> **WHAT YOU ARE ASKED TO DO**: Where a line in the material beneath contains "työmaa", count it. Give the number only.

> **GIVEN INFORMATION**:
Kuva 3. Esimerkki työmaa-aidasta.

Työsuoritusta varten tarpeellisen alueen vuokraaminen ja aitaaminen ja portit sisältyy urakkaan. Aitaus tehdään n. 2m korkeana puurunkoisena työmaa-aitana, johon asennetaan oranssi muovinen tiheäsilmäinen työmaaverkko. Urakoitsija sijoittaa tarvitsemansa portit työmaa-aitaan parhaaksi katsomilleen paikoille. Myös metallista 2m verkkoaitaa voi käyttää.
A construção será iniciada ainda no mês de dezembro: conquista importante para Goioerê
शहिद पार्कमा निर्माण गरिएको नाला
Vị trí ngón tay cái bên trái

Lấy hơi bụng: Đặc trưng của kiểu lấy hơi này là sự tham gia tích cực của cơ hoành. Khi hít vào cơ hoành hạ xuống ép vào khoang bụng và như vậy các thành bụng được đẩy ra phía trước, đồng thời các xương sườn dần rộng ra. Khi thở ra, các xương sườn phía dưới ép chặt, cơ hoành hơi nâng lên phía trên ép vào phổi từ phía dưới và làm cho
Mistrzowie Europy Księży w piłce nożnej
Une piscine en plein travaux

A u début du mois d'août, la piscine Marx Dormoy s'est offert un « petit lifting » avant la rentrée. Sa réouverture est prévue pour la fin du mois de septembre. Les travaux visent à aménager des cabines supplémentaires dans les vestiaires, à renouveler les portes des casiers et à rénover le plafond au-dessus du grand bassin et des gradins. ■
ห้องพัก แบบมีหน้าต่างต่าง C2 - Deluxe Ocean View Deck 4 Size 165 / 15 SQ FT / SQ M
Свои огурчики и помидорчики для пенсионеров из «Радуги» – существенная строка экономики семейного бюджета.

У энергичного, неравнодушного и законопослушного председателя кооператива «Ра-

==

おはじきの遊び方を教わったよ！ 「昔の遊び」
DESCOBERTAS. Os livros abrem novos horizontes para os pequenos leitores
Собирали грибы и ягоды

> **RESULT FOR THIS TASK**: 2